In this example, a single host is being attacked: 192.1.1.1. Also notice that most of the ICMP traffic is coming from two networks: 201.1.1.0/24 and 205.8.8.0/24. By using the IANA Whois database (http://www.iana.org), you should be able to see who these addresses belong to. It is important to point out that in a Smurf attack, these are probably not the actual attacker devices, but Smurf reflectors (with Smurf, it is very unlikely that the attacker would use his own address as a source, unless he is a script kiddie). However, at least you have a starting point and should be able to contact the ISPs or administrators who are responsible for these networks so that they can take the appropriate action.

Keep the following items in mind when using logging with ACLs:

  • Enabling logging with ACLs can have a small- to medium-size impact on your router, depending on its model. Therefore, I recommend that you be careful using the logging function on routers that are running at 80 percent utilization or higher?especially with ACLs on high-speed interfaces.

  • Depending on the version of the Cisco IOS running on your router, logging might affect the switching mode that the router must use to implement the logging function.

  • If you are seeing matches against ACL entries in the show access-list command, but you are not seeing any entries actually being logged (you have added the log parameter to the ACL statement), try clearing the route cache to force packets to be process-switched. Of course, this can cause a lot of traffic to be dropped on a very busy router when it is in the process of rebuilding the cache. To get around this specific problem, use a router that supports CEF.

  • ACL logging does not display every packet that matches an ACL entry. Instead, you will see at least the first packet on a match for a session and then packets at periodic intervals. The Cisco IOS uses rate limiting to prevent logging from overloading the router's CPU. It is important to remember that you will not see all packets that match an ACL statement when you have logging enabled.

  • During a Smurf attack that involves multiple reflectors, the amount of logging information might be overwhelming. In this instance, set up a separate ACL statement that matches on a single reflector and logging for only this reflector. Typically, this will be multiple devices from a single network, so use an ACL that matched on all of these devices. This helps you determine all of the devices in one reflector site.

TIP

Be as specific as possible in your ACL statements when looking for the DoS attack. Use the log-input parameter so that you can see the interface where the attack is coming from. If the router's interface is a multiaccess interface, this information also will include the MAC address of the next-hop router; use the show ip arp MAC_address command to see the router's IP address.


NOTE

The purpose of this section on ACLs was to give you a basic understanding of how to track down the type of DoS attack. Obviously, you can add or modify ACL entries to determine the kind of DoS attack you are experiencing.


Damage Limitations

The attacker in a DoS attack wants to affect bandwidth and service levels, so your first concern should be preventing this traffic from traversing your ISP links. You could set up an ACL on your perimeter routers to block this traffic, but this stops it only from entering your network; it does not prevent it from traversing your ISP links.

In this situation, you need to contact your ISP and explain the situation. Hopefully they also will investigate the problem on their end and either set up a temporary ACL filter to block the offending traffic or set up rate limiting to reduce the effect that the DoS attack will have.

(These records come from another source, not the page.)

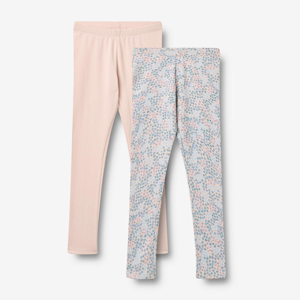 Sæt af to jersey leggings i blød økologisk bomuld til børn.- Figursyet- Elastik i taljen- En i ensfarvet- En i signaturprintWheats bløde leggings er unisex og er en sand klassiker i dit barns garderobe. Leggingsene er figursyet og har en elastik i taljen. De kan nemt styles alene med en sweatshirt eller strik, eller som et ekstra lag under en af vores kjoler og bukser.
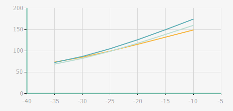 | 蒸發(fā)溫度 | 制冷量+/-5% | 能耗+/-5% | 現在能效+/-5% | 氣體流速+/-5% | 能效+/-7% | ||||
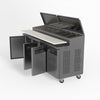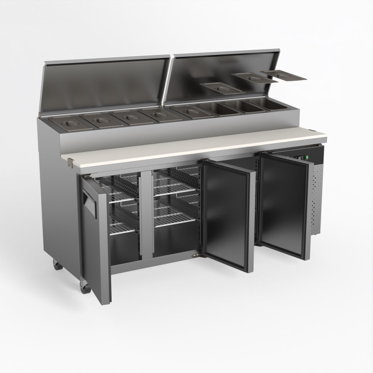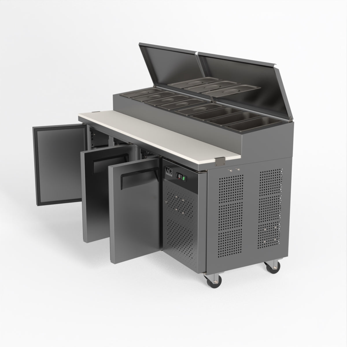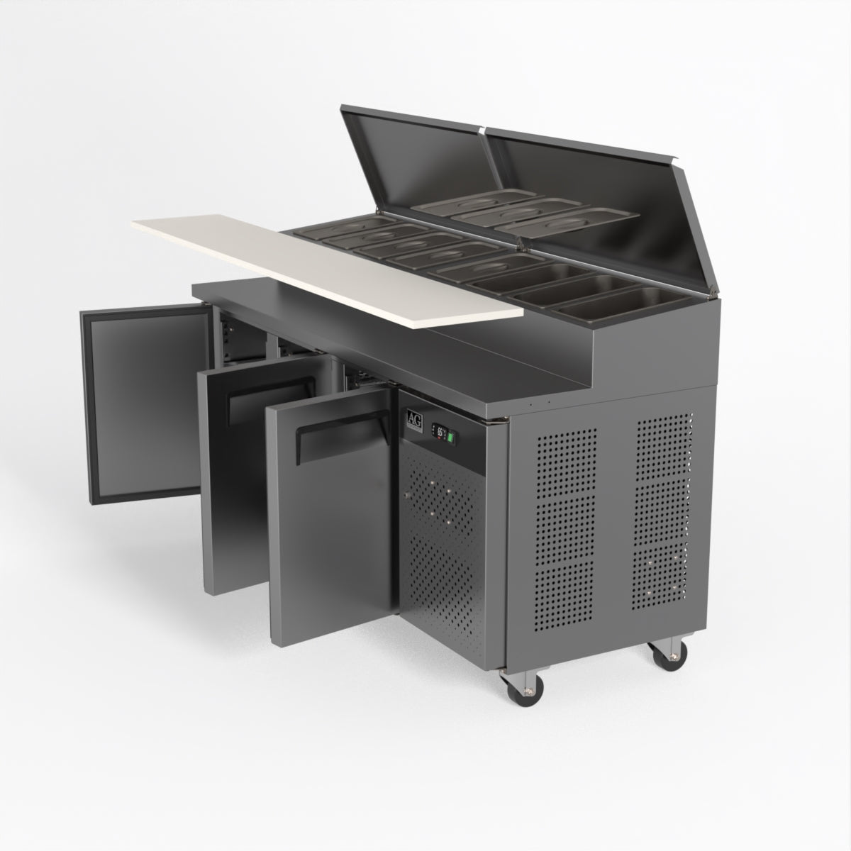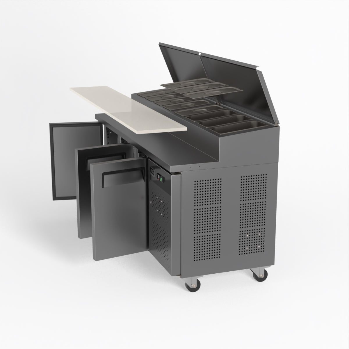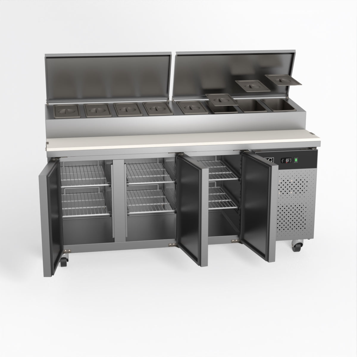 Equipped with castor wheels for easy manoeuvrability and constructed from heavy-duty stainless steel, the saladette worktop fridge is designed for busy commercial environments such as cafes, restaurants, pubs, and sandwich shops. With a 30cm deep preparation bench, self-closing doors on the fridge storage space and shelving rails suitable for 1/1 GN and 1/3 GN trays, this unit is designed to keep food products fresh and accessible during the meal-time rush. This unit is built with a Cubigel compressor and an automated defrosting system, complemented by Carel iJF digital controller with LED temperature displays.
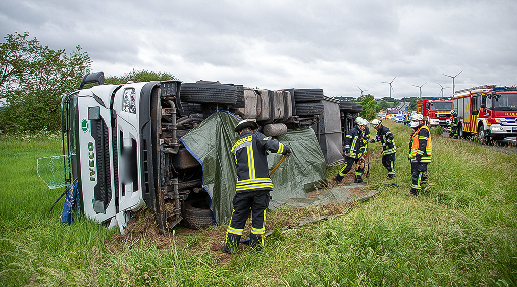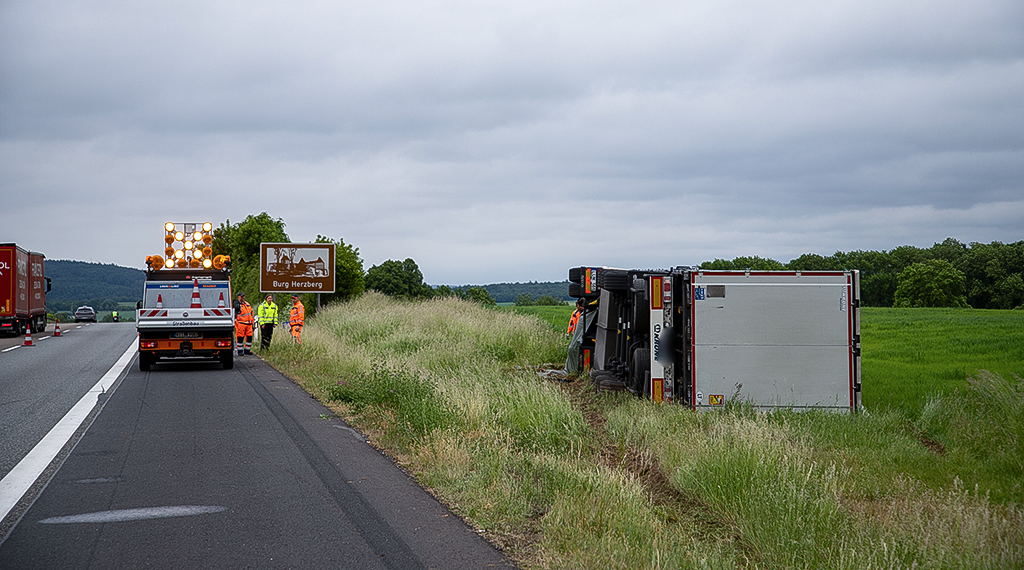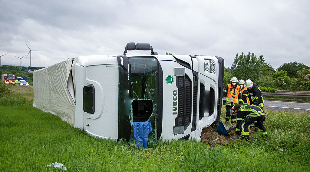 Schwerer Unfall am Freitagmorgen auf der A5 bei Alsfeld: Ein Lkw kam von der Autobahn ab, geriet auf eine Wiese und stürzt auf die Seite. Der 56 Jahre alte Fahrer wurde dabei leicht verletzt und musste vom Rettungsdienst behandelt werden. Die Unfallursache ist noch unklar. Die Polizei ermittelt, beim Fahrer wurde eine Blutprobe angeordnet. Der Verkehr konnte an der Unfallstelle vorbeifließen; es gab keine Behinderungen. Mehr Blaulichtberichte auf unserer Blaulichtseite - osthessen112.
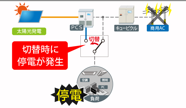 商用電源が停電した際、通常運転から一度系統を切り離し、 自立運転に切替える必要があります。
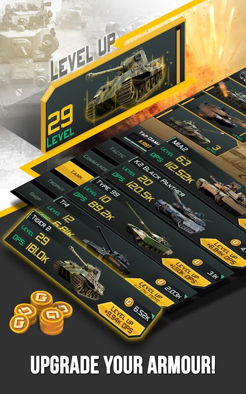 Tanks of iron and steel. Prepare your army for world war! Command, upgrade and level up your tank battalion, and click them into place with advanced tactics, in a new take on tap warfare!

As I mentioned, this should be a temporary filter: When the attack has been mitigated, these measures should be removed.

Finding the Attacker

When you are the victim of a DoS attack, tracking down the actual attack, as well as the perpetrator, can be a difficult and stressful task. Remember that the source addresses in a DoS attack typically are forged and, therefore, are not very helpful in finding the actual attacker. Therefore, finding the attacker typically must be done on a hop-by-hop basis, tracing the attack from one router to the next until you finally arrive at the source of the attack. As you saw in the "Using ACLs to Detect DoS Attacks" section, this requires administrators possibly to add ACL entries and/or add logging to specific ACL entries, which can be a complex process. And because the path of the attack might take you back through multiple ISPs, you typically must involve law-enforcement agencies to get the kind of cooperation from ISPs and network administrators that might be necessary to perform this kind of trace.

The Trace Process

Tracing DoS attacks is a straightforward process. In this subsection and the following ones, I discuss the use of ACLs to perform the trace process. However, other options, such as NetFlow, can be used as well. I discuss NetFlow after discussing ACLs.

Remember that the source address in the packet probably is spoofed, so you cannot assume anything about the location of the attacker. Therefore, you have your work cut out for you: The actual trace process requires you to trace back, router by router, to the real source of the attack. Figure 17-2 illustrates this process. In this example, the e-mail server (192.1.1.1) is under a DoS attack. The first thing that you would do is to log into RouterA, which I am assuming is the router directly connected to the same segment as the e-mail server. Remember that the DoS attack might be internal, not external, to the network. From here, you would determine which interface the attack is coming from, log into the next-hop router, and perform the same process, tracing this back eventually to the hacker himself.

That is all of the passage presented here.